Of course, SoCs don’t exist in isolation but must be integrated into an overall system design, which leads us to PCBs. PCB design teams must keep up with a ton of information. Not only are these teams frequently geographically dispersed, they also comprise individuals with expertise in different domains.

Then there is the data itself, both that which concerns the circuit and board layout and that which concerns the components and intellectual property (IP). The latter is a highly dynamic set of data coming from multiple sources, including distributors and manufacturers.

The Altium Designer suite has gone through a number of revisions over its lifespan, many of which have sought to address this growing issue. With this year’s release of Altium Designer 10, the company has arrived at a milestone in its efforts to tame the design-data beast.

Many things can happen in the context of design data that can derail the design team: price/availability changes related to components, change-management miscues, ECO management, IP management, and release management, to name just a few. Altium Designer 10 handles this amalgam of data through a unified data model, which pairs with a single executable.

According to Bob Potock, Altium’s director of marketing in the Americas, this approach trumps that of competitors whose flows are less organic in nature. “The unified data model and data-management layers were developed concurrently,” says Potock. “This provides a great foundation for the design tools at the next layer.”

That design-data management layer, which Altium has dubbed Altium Vaults, enables designers to store and manage design data and revisions. It also lets them manage component lifecycles and track usage of components across designs. Further, it contains links to the supply chain and manufacturing. “All of this data is very dynamic. In the supply-chain databases, hundreds of parts are added and/or updated daily,” says Potock.

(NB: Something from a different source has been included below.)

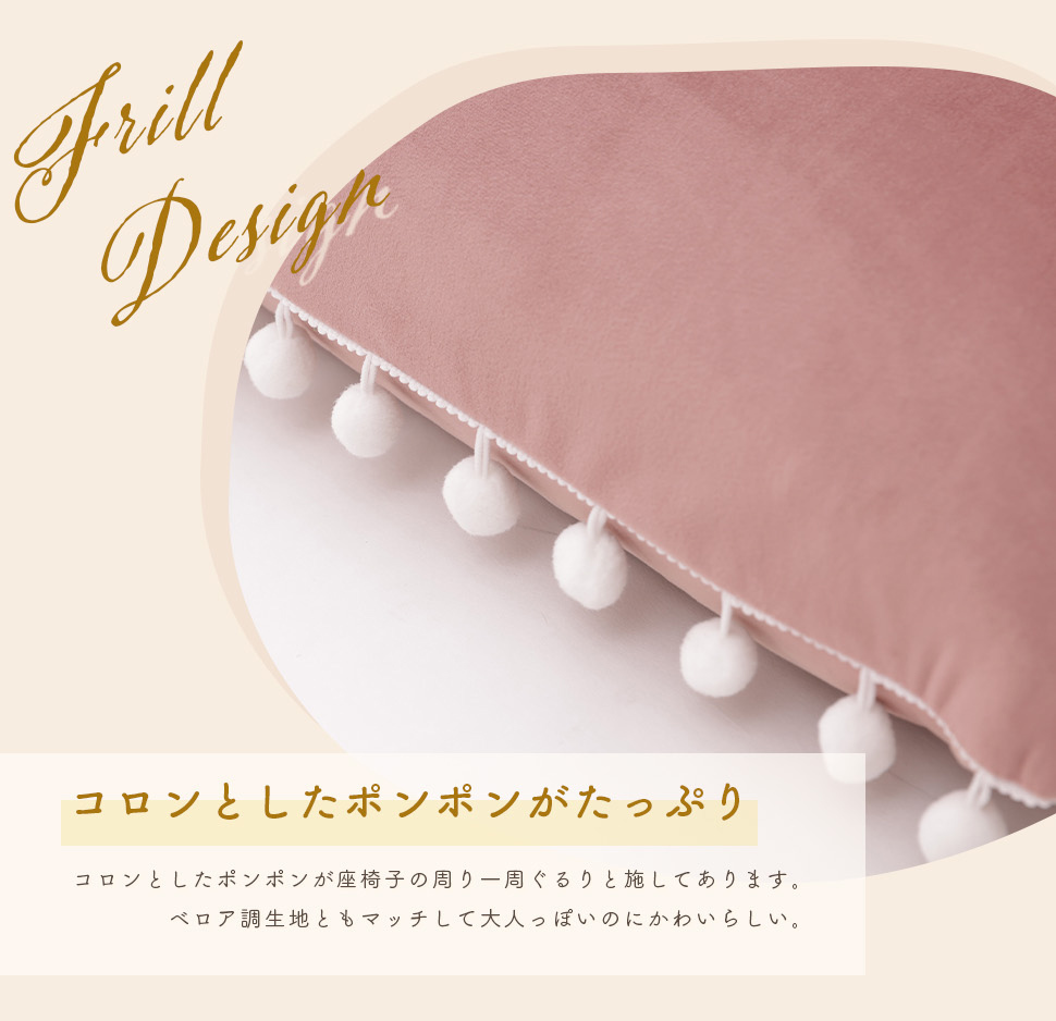| 品のあるくすみカラーとポンポンフリルが大人かわいいリクライニング座椅子。 ワンルームでも圧迫感なく使えるコンパクトサイズ。 安心の日本メーカーの14段ギアを使用したリクライニング機能付き。 かわいいだけでなく、長時間座っても疲れにくい座り心地にもこだわりました。 生地には上質な質感のベロア生地を採用。 背面にもこだわり、お部屋の中央に置いても◎ コロンとしたポンポンを座椅子の周りにぐるりと施し、ベロア調生地ともマッチして大人っぽいのに可愛らしいを実現しました。 |

The implications of the data-management problem become clearer when considered from the standpoint of product development. Component data comes from manufacturers such as Xilinx and Texas Instruments. On top of that is a layer of distributors such as Arrow, Digi-Key, and Mouser. This information enters through a business system and then propagates into the design process.

Feeding from this profusion of data are various domain-specific design processes, and the data must move within each domain and across them. Imagine a circumstance in which a high-pin-count FPGA in your design needs to be pin-swapped at the PCB level. This design change must propagate into the FPGA design process. Typically, this non-trivial exercise involves two separate tool chains. Altium Designer 10 makes this process a pushbutton affair.

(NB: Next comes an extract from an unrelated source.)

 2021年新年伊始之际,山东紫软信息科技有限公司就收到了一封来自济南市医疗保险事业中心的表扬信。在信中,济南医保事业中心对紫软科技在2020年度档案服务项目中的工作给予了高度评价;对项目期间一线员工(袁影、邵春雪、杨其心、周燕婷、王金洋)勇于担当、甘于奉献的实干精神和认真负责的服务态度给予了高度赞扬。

Altium Designer 10 presents engineers with a hierarchical project view that enables collaboration (Fig. 2). At the top level are all PCB-related design files, and inside the PCB project is the onboard FPGA project. Inside the FPGA, if you were using an embedded processor, would be the software development project for that processor. The project view also provides for version control, which encourages a fluid, iterative design process.

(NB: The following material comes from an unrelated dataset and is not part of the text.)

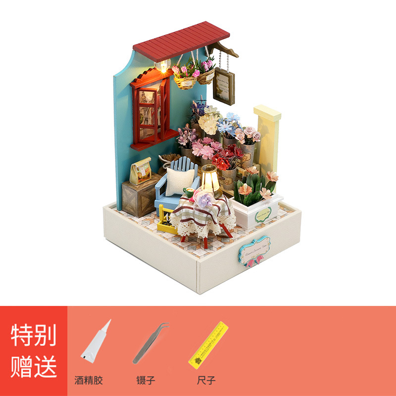 홍다 DIY 코티지 미니어처 빌딩 모델 나무 퍼즐 수제 인형 집 작은 손으로 만든 도매 DIY 세트스토어 가기

The Enterprise Vault has three data zones. These zones connect to the outside world of distributors, business systems, and manufacturing partners. With all of the component data in the Vault, it becomes a simple matter to trade off criteria to aid in making design decisions.

Finally, when the design achieves maturity, data integrity checks ensure that everything is correct. Altium Designer 10 verifies that all parts on the bill of materials are approved and that the schematic and PCB layout are in sync. It also runs design-rule checking.

Another key addition to Altium Designer 10 is a feature called AltiumLive, which is an implementation of cloud-based services for software downloads and maintenance. Using AltiumLive, users can customize their initial installation of Altium Designer 10 and then use it subsequently to change their installation as needs evolve. With AltiumLive, there are no more service packs when updates occur but rather cloud-based updates.

A second element of AltiumLive will be availability of design content and IP. The first design content comes from Altium’s technical centers in Shanghai and in Hobart, Tasmania, Australia. In the future, the ecosystem will be opened to user contributions.